Steps to make Vegan Moussaka πŸ‡¬πŸ‡·:
  1. Slice the Aubergine and sprinkle with some salt, pepper and oil. Bake in the oven for 25 mins at gas mark 4 (180 degrees), until they are soft (you may need to turn them).
  2. Finely slice the remaining vegetables. Chop the tomatoes. Peel and slice the potatoes into flat disks. Boil in a pot of salted water until they are just soft. In a large pot fry the onion and garlic over a medium heat with a good glug of olive oil.
  3. Add the courgette and carrot, fry for a few minutes until they start to soften. Add the chopped tomatoes and cinnamon, paprika and garlic granules. Add the 2 tablespoons of tomato puree. Open the lentils and add 2 tablespoons of the lentil water to the vegetables. Drain the rest of the lentils and add to the vegetables. Cook for a few minutes. Season with salt and pepper.
  4. In the pot the potatoes were boiling in make a white sauce. Over a gentle heat melt the butter, then add the flour. Add the milk and whisk together until you get a smooth, glossy sauce. Season with salt and pepper and some nutmeg.

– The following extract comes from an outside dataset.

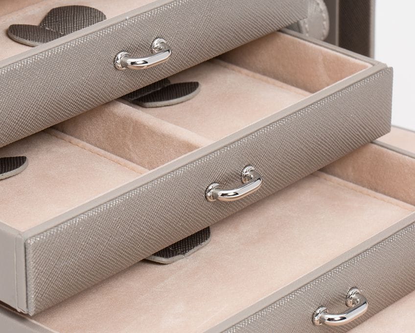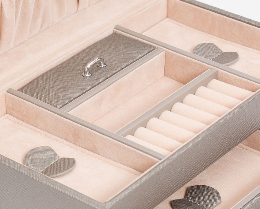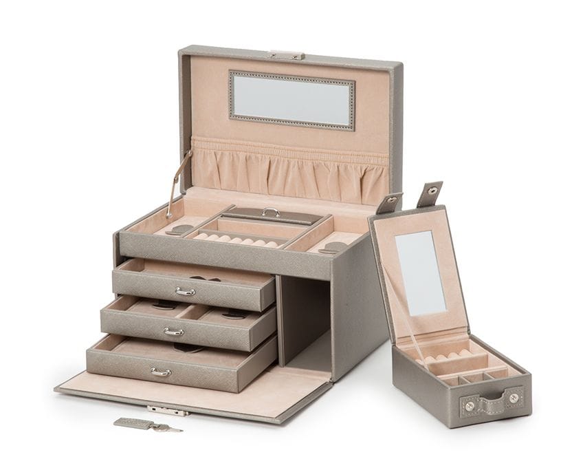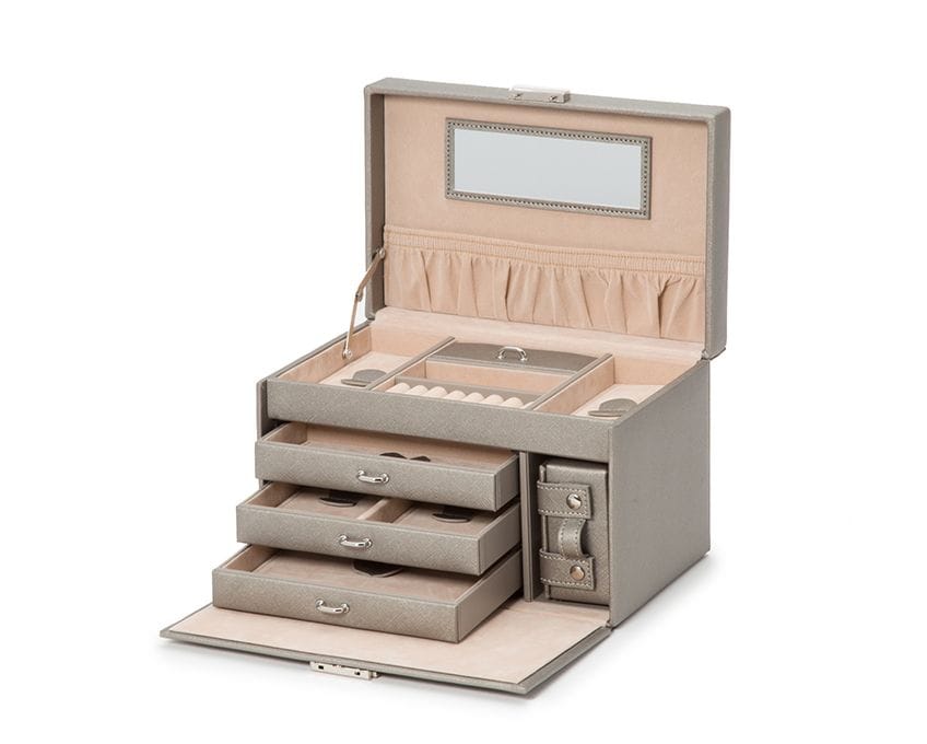 Wrapped in Pewter Saffiano faux leather and lined with soft ultra-suede, it helps prevent scratches while keeping your jewelry beautifully displayed and secure. Despite its smaller footprint, it offers generous storage, making it ideal for dressers, travel, or gifting.

  5. In a casserole dish layer up the potatoes. Then add the lentil mixture and top with the aubergine. Add the white sauce and top with the vegan cheese and feta. Bake in the oven for 35-40 minutes until the top is golden-brown and enjoy!

This vegan moussaka is every bit as good as the 'real' thing - a rich lentil ragu cooked in red wine, layered up with roasted aubergine and topped with I've been itching to experiment with vegan-ising the totally luscious Greek dish, Moussaka, for some time but it isn't the speediest dish to make and it. This vegan moussaka is Greek comfort food at its finest. It's loaded with flavor from layers of roasted eggplant, fluffy mashed potatoes, nutrition-packed lentils Moussaka is a popular dish found all over the Mediterranean and Middle East, with many variations depending on the country where it's served. Although this Vegetarian Moussaka probably has very little to do with the authentic Greek dish β€” well, apart from the fact that it's made with layers of sliced eggplants that is β€” I think that it still deserves to be called Moussaka! The way I see it, it's a super healthy and tasty vegetarian version of an already.

So that’s going to wrap it up with this special food vegan moussaka πŸ‡¬πŸ‡· recipe. Thank you very much for your time. I am confident you can make this at home. There’s gonna be interesting food in home recipes coming up. Don’t forget to save this page on your browser, and share it to your loved ones, colleague and friends. Thank you for reading. Go on get cooking!